I watched a yellow fly land on one of the leaking bags; it had no effect.
Anyway, my yellow fly massacre wasn’t the first time I used furniture polish on a reminder of why we all need grace and forgiveness.
When I was a kid, there was a famous paper hornet nest in a neighbor’s tree. The nest was actually a beautiful work of art, whereas the artists were temperamental and stung with an indescribable pain when they were agitated. Naturally, we boys had to agitate them at every available opportunity.
One of the things got into our old house one day, and I thought it was chasing me. In reality, I know it was likely trying to get out, just as I know it wasn’t four inches long and an inch thick — minus the stinger.
In a panic, I found the wasp spray that my parents had strictly forbidden me to use, and I kept trying to soak the flying menace. I suspect my aim was off, but I decided the bug was actually absorbing and enjoying the poison.
Mother had left a can of — you guessed it — furniture polish on the cabinet where she had been cleaning the night before. I grabbed it, and began spraying the Minion of Satan.
It didn’t die as quickly as the yellow flies, but it did finally crash to the floor, coated in enough Minwax to have polished the entire house, twice. Quick as a whistle, I grabbed a convenient block of wood from my box of toys, and smashed that bug into oblivion. It actually left a permanent stain on the floor.
Concerned that I might get in trouble for wasting the furniture polish — that stuff wasn’t cheap, even in 1974 or so — I promptly began polishing everything I could. When Mother got home, I modestly took my praises for being a good little helper, and casually mentioned that I had killed a paper hornet, thus adding courage to the industry on my resume.

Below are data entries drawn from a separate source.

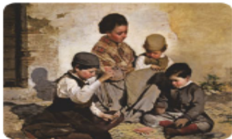
Chicos jugando a las cartas. Rafael Romero Barros, 1868.

The nobles had privileges and became wealthy because they owned most of the land. By the end of the century, industrialists and merchants managed to become richer than the nobles.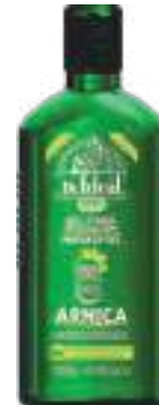
Gel para Massagem Arnica Dr. Ideal 240g | cód. 720847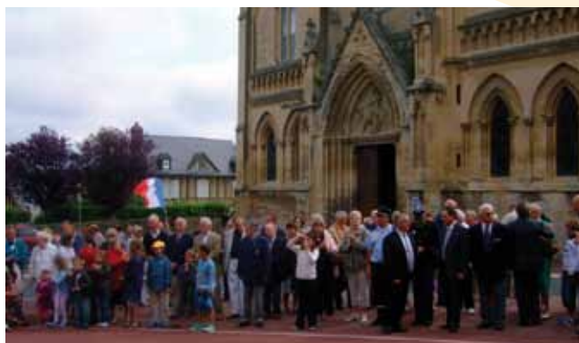
Une foule assistait à la cérémonie.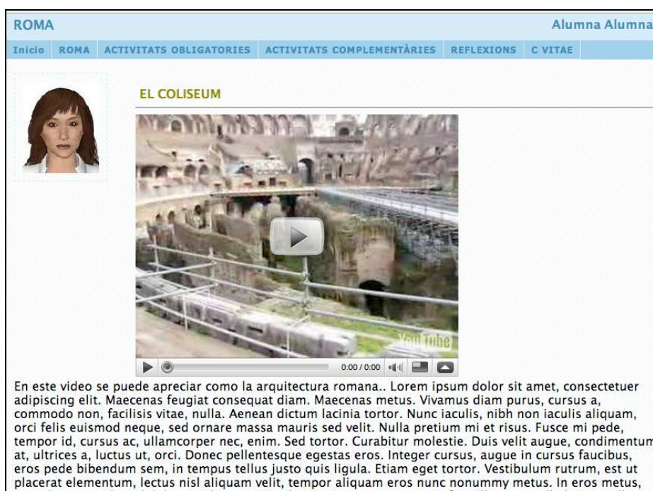
Figura 3. Ejemplo de publicación de portafolios

La Carpeta Digital , como ya hemos comentado, ofrece al alumno un un espacio privado de gestión de portafolios. Al tratarse de una herramienta para la evaluación del aprendizaje, este espacio personal ha de poderse publicar en un momento concreto. En el momento de la publicación, la Carpeta Digital genera una página web correspondiente al portafolios en el que aparecen las diferentes secciones y los distintos archivos asociados.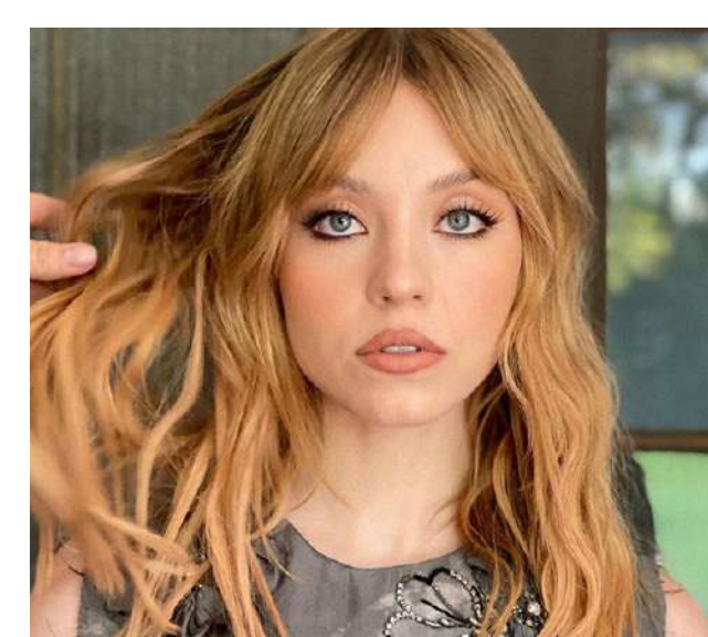
Ruivo doce de leite

Para aqueles que têm tom de pele médio e profundo, investir em um cobre queimado nos fios pode trazer um visual poderoso e elegante. Sendo um dos tons de ruivo mais escuros, o cobre queimado adiciona ao visual um brilho quente e intenso, além de dar um ar mais natural a coloração.

I have always, even as a stingaphobic child, been compassionate toward bees. I even wanted to keep a bumblebee as a pet when we lived in the little house in the country, and I was always hopeful that our old house in town would have a beehive move into the wall. My dad had written a story about such a hive that was discovered when the honey dripped down the clapboard at the rate of pint a day, and I could think of nothing grander than a free supply of honey.
However — I despise a carpenter bee, except as a target.
Carpenter bees and I share a mutual passion for old wood and old homes; however, I want to save and restore said old buildings, whilst carpenter bees want to eat them. I will not bore my readers again with my passion for using pallet slats, badminton rackets and .22 rifles loaded with ratshot to practice my wingshooting and destroy carpenter bees. I will say that carpenter bees at least serve a purpose: amusement.
In John’s Revelation, he describes brass-headed stinging biting things that fly. As hardheaded as horseflies are, I am fairly sure they will evolve into such locusts when the end times come.
Since we have livestock, we have horseflies. Large, nasty, fast horseflies with grinding teeth that they use to cut into the flesh of both humans and animals to suck blood. For years, my wife carried a scar from a horsefly that bit her through a bathing suit on our honeymoon. It greatly amused the other folks at the pool when I slapped her backside (although I did gain husband points by killing that wretched bug.)
When my eyes were younger and my hands steadier, I used to shoot horseflies with a BB gun; more than once, it was not a clean kill, thus testifying to their fortitude. I now prefer the simpler, more direct method of simply slapping the vermin, although I have had to change shirts when I was on the way to work and the blood flew.We will save mosquitoes and fireants for a column on another day, but I’m fairly sure they are lumped in with the other varmints designed to torment mankind.
I am a hunter and a trapper; I do not kill for fun, but to eat, or to sell a hide to help provide for my family and balance nature.
When it comes to bugs that bite and sting and draw more blood than an overachieving phlebotomist, however — I admit, I smile a little when things go splat.